What I use:
- custom object detection model based on yolov8n. Input layer 96x96.
- RPI5 with AI Kit
- Hailo8L
- CPU Cortex-A76
My goal: increase fps when i use my model with video.mp4
Explanation: I have been integrating your npu into our project for about 3 weeks now. I see the potential in this technology and I really want to implement it.
The fact is that we have already tried to use rpi5 but without Hailo NPU. And get ~110 fps.

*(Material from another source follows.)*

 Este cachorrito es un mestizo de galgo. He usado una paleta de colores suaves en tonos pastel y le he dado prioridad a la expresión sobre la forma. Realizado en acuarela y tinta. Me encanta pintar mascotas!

Now, I’ve translated the same model from onnx to hef. And I tried to run it using this command:
python basic_pipelines/detection.py --labels-json resources/mylabels.json --hef-path resources/mymodel.hef --input resources/myvid.mp4 --disable-sync
I was hoping to see an increase in fps of at least 1.5 times, but I only got 120-125 fps on average. I hoped to see greater increase, because I benchmarked my hef with result 250fps (batchsize = 1)

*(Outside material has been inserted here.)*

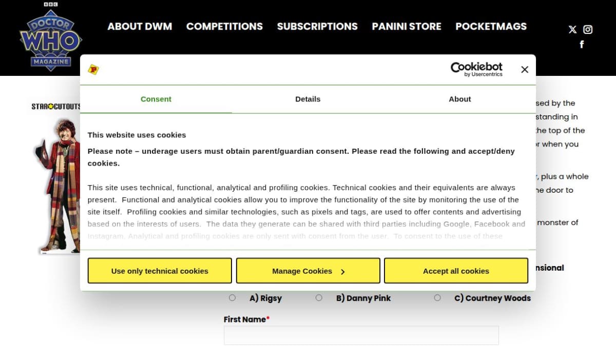 Five winners will receive a life-size cardboard standee featuring a Doctor, companion, or monster of their choice from the Star Cutouts range. These items allow fans to have a life-size cardboard cutout of their favorite character present.

After that, I started checking the npu and cpu usage. To find out where the bottleneck might be.
I used htop and Hailo Monitor for this purpose. So, I got
npu utilization = 44%
cpu usage = about 100%
Also I read some topics here about PCIe. Used sudo lspci -vvv
and get LnkSta: Speed 8GT/s, Width x1 (downgraded)
I think it all comes down to two problems. The problem is a weak processor, or the fact that I have only 1 lane of PCIe.
So that’s where I left off. And to be honest, I do not know where to go next. I know that can also use DFC in a more advanced way and then I will get an increase in fps, but it seems to me it will be a small increase. I have a feeling that I’m doing something wrong and I can fix it to get a significant increase in fps.